E. The first is a consideration raised to show that adopting a certain strategy is unlikely to achieve the intended effect; the second is presented to explain the appeal of that strategy.
With any BF question, start with the conclusion, if possible: "the strategy to maximize overall profit from a new product is to charge less than the greatest possible price."
Now let's look at the argument WITHOUT worrying about the BF:
- "A product that represents a clear technological advance over competing products can generally command a high price." - If your company comes up with a technologically advanced product, you can charge a high price.
- "Because technological advances tend to be quickly surpassed and companies want to make large profits while they still can, many companies charge the maximum possible price for such a product." - You can charge a high price because your product has a technological advantage over competing products. You assume that whatever technological advantage you have will soon be surpassed. Until that happens, you want to charge as much as possible to immediately maximize your profits.

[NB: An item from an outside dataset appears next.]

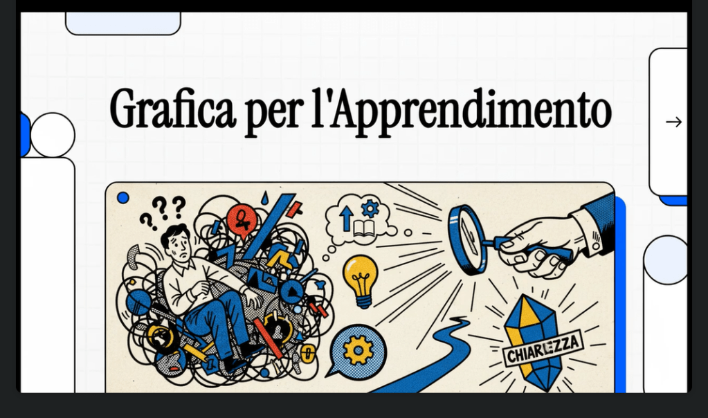 Usa questa consapevolezza per fare scelte migliori nel tuo apprendimento: cerca risorse che utilizzino grafiche esplicative per argomenti complessi, riconosci quando un’immagine rappresentativa è tutto ciò di cui hai bisogno e, soprattutto, non lasciare che la grafica decorativa ti distragga. Possedere questo vocabolario visivo ti dà il potere non solo di imparare in modo più efficace, ma anche di richiedere e creare materiali didattici di qualità superiore.

- "But large profits on the new product will give competitors a strong incentive to quickly match the new product's capabilities." - If you charge the maximum possible price to maximize your profits, competing companies will see how much money you are making and say, "Wow, we should do something like that too!" By maximizing your own profits, you are giving competing companies an incentive to quickly "catch up" and make a product with similar capabilities.
- This implies that if, instead, you DON'T try to maximize profits and DON'T charge the highest possible price, competing companies will have less incentive to copy you. That will allow you to enjoy your technological advantage for a longer period of time and, according to the author, maximize your profits in the long run.
So most companies tend to try to maximize profits immediately by charging the highest possible price. According to the author, they would make more money in the long run by charging
less than the greatest possible price.
Once you understand the argument, you can look back at the BF portions:
Quote:
Because technological advances tend to be quickly surpassed and companies want to make large profits while they still can...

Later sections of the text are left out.